Starting with six steps of the pathway corresponding to six alternative hypotheses, we immediately discarded the hypothesis of perturbed PDK1 recruitment to the membrane, based on our time-series measurements of membrane PDK1 [29], and repeated in S1 Fig. PDK1 recruitment dynamics were a close mirror of the PIP3 dynamics, indicating no non-canonical effect perturbing or delaying the PDK1 dynamics.
For the remaining 5 alternative hypotheses S2 Fig), we do not know the molecular mechanism that would cause each hypothetical deviation, so we cannot model the alternatives with explicit enzyme kinetics. Instead, we constructed an arbitrary spline curve to represent the magnitude of the hypothetical deviation over time. The shape of the spline curve can later be optimized for the model to fit the observed trends (see “Using splines to represent non-canonical deviations” and subsequent sections in the Methods section). In other words, optimizing the perturbed model to fit the data would solve for the shape of the spline curve, which tells us when the deviation would occur. Each spline curve was integrated into the canonical model by adding a pseudo-reaction (Fig 3) at the appropriate step of the pathway. The pseudo-reaction should not be misinterpreted as representing a true biochemical mechanism; it is only an interface between the spline curve and the differential equations of the network model.

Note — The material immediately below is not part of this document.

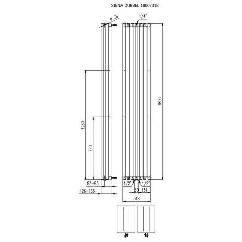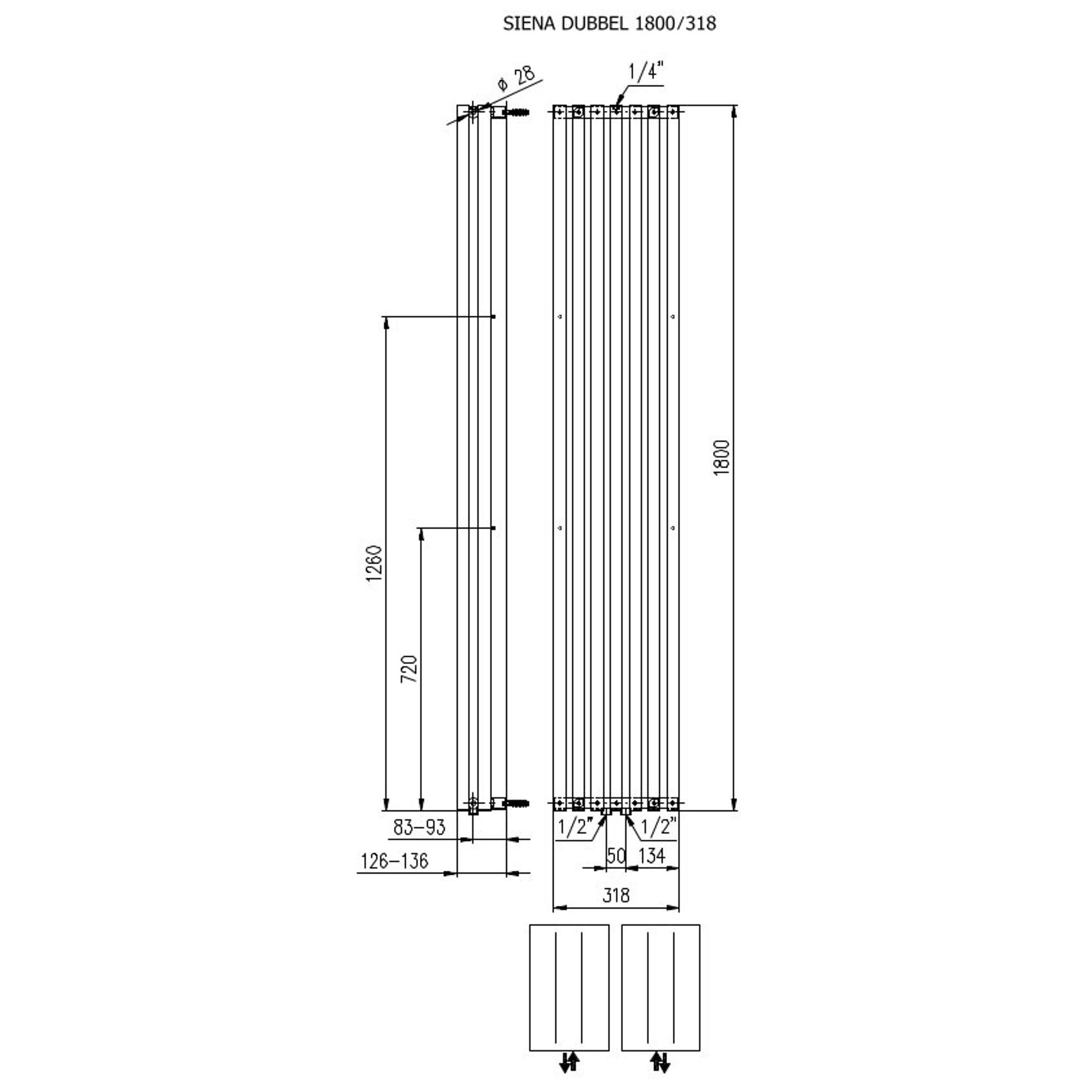 Plieger Siena designradiator verticaal dubbel 1800x318mm 1096W wit

Using splines and pseudo-reactions as described, we converted the five alternative hypothesis into five computational models (Fig 3): Akt recruitment could be altered through a PI3K/PIP3-dependent mechanism (“PIP3-dependent recruitment model”, M1, Fig 3A), Akt recruitment could be altered by a mechanism that is independent of PI3K/PIP3 (“PIP3-independent recruitment model”, M2, Fig 3B), Akt translocation from membrane back to cytosol could be blocked or delayed (“retention model”, M3, Fig 3C), or Akt dephosphorylation could be disrupted (“dephosphorylation model”, M4, Fig 3D), or the phosphorylation of membrane-localized Akt could be altered (“phosphorylation model”, M5, Fig 3E). Fig 3F shows a flowchart for how each model, with its non-canonical effect, was fit against the data (see also the “parameter estimation” sections of Methods).
Our approach to managing the alternative hypotheses was first to study how the hypotheses could be differentiated from each other. This led to a small number of follow-up experiments. After each experiment, any hypothesis that grossly violated the observed trends was ruled out.
Unit Three: Differentiating among the alternative hypotheses by measuring localization
Alternative models predict different dynamics of membrane fractions
All five models were successfully fit (Fig 3F and “parameter estimation” in the Methods) to achieve agreement with the dynamics of Aktp308 (Fig 4A). This indicates that additional data will be necessary for differentiating among the alternatives. Simulations of membrane-bound PDK1 (Fig 4B) showed no major differences between the alternative models, suggesting that use of this available PDK1 data would not distinguish correct from incorrect models. In contrast, simulation of the five alternative models revealed qualitative differences in the dynamics of total membrane-bound Akt (TotMemAkt, Fig 4C) and total membrane-bound phosphorylated Akt (Aktp308m, Fig 4D). Multiple parameterizations of each model showed similar effects, motivating us to perform fractionation measurements of Akt.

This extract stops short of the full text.